History
Terry Wright
Terry Wright’s roots stretch deep into Sydney’s history, with a
great grandfather who drove hansom cabs through the city’s
colonial by-ways. In the late 19th century, his father, George
Frederick Wright, was one of many who took up the meat trade,
running shops across the suburbs in Maroubra, Drummoyne, Balmain
and Randwick. These were the days of ice houses, cool rooms and
carcases hung in the open air, attended by boys waving swatches
of gum leaves to keep off the flies.
George Wright raised a family of eleven children, with Terry the
last born in 1934. Depression and war interrupted the family
business and the Wrights relocated to Batlow on the south-west
slopes of New South Wales. Terry returned with his father at
war’s end to set up a new living and working situation in
Sydney. His father wanted him to go to the elite Catholic
boarding school, Riverview College, but instead, Terry chose
Engadine’s Boys Town.
Strictly speaking he was not eligible for this home for wayward
boys but George Wright managed to persuade Father Tom Dunlea
that it was in his son’s best interests to go there.
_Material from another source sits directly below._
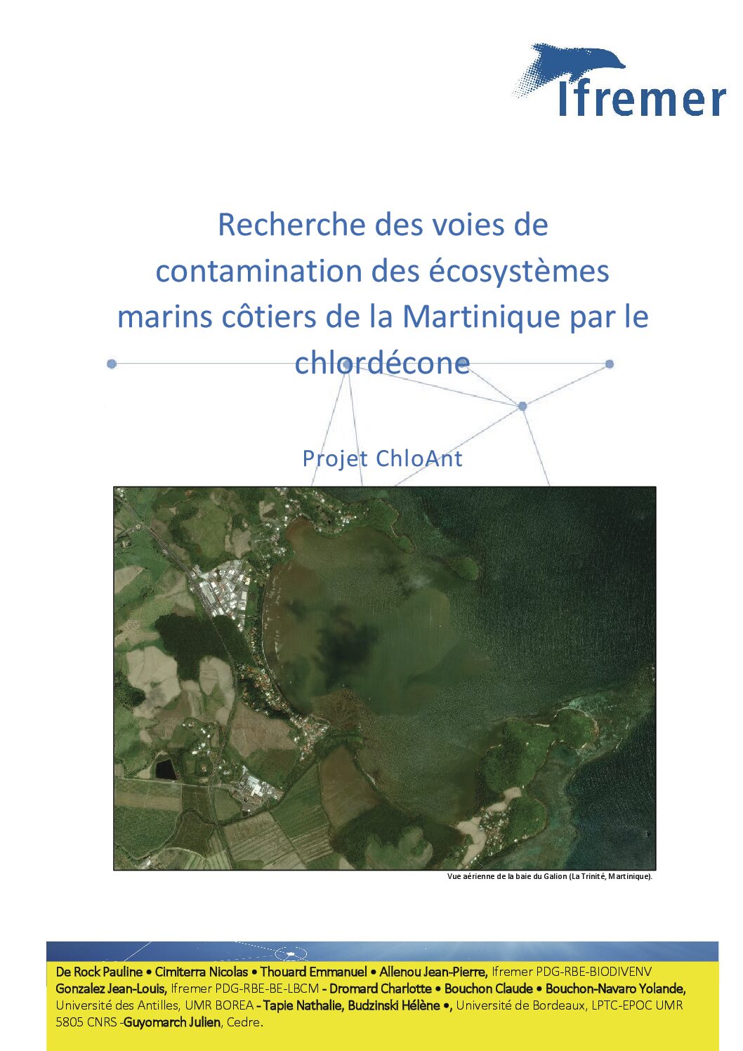 Le projet ChloAnt a pour objectif l’amélioration des connaissances sur les voies de contamination des écosystèmes côtiers par le chlordécone (CLD). L’étude a été réalisée sur le site pilote de la Baie du Galion en Martinique connu pour sa forte exposition au CLD. Le premier volet a consisté à suivre pendant une année les concentrations en CLD en rivière sur une station, et en mer, sur trois stations situées sur une radiale côte-large. Dans un premier temps, la méthodologie des échantillonneurs passifs intégratifs (EPI) a été mise en oeuvre pour le dosage des plus faibles concentrations en mer. Dans le deuxième volet, la contamination en CLD a été mesurée dans les différents maillons de la chaîne trophique et sur les trois écosystèmes côtiers: mangrove, herbier et récif. L’échantillonnage a été réalisé en saison sèche et en saison humide pour étudier la saisonnalité de la contamination en lien avec les apports du bassin versant. Les résultats ont mis en évidence une forte variabilité des flux de CLD liée principalement au débit de la rivière. La contamination du milieu ambiant et de la faune marine suivent un gradient décroissant depuis la côte vers le large. L’étude de la saisonnalité met en évidence des situations contrastées selon les écosystèmes et les espèces, aucune tendance générale ne ressort. Enfin, les résultats des analyses isotopiques réalisées sur les différents maillons trophiques confirment les deux modes de contamination de la faune marine. Le premier résulte des variations du niveau de contamination ambiant, il s’agit d’une contamination par « bain ». Le deuxième phénomène est une contamination par voie trophique. Ces deux phénomènes opèrent dans les trois stations mais varient en intensité selon le site et selon la saison.

The Spencer
Tracy film of Boys Town had recently shown at cinemas and Terry
was captivated by the prospect of school, in a town run by and
for boys.
It was at Boys Town that he learnt the trade at the hands of
some of the best meat retailers in the state. The Meat and
Allied Trades Federation of Australia (MATFA) had taken a strong
interest in Boys Town, supplying it with a meat school with
state of the art equipment and weekly tuition. Their aim was to
assist the charitable intentions of the town but also to equip
young men who could replace those lost to the meat trade through
war. Fred Forrest, the President of NSW MATFA was the man in
charge, instructing a host of growing boys, kitted up with the
best tools and uniform the trade could offer.
The end of school years saw Terry full of the energy and
commitment his customers came to know and respect. He managed
shops in Sydney and New Zealand before returning to Clovelly
Road Randwick and the business George Wright had started after
World War 2. The family still had the residence but the shop
was, by now, in other hands. Terry restored the Wright’s
interest in the building, eventually buying the freehold, an
uncommon move for butchers in those years. These were
revolutionary years for the meat trade, with new technology,
regulations and markets but Terry was ready for the challenge.
Married and with a young family, he modernized the shop and
threw himself into the task of establishing one of the finest
retail meat businesses in the country.
The rest is history. The shop and business is still owned and
run by the Wright family but they have diversified into
different markets, still retaining the friendly local presence
and goodwill of over half a century of successful trading.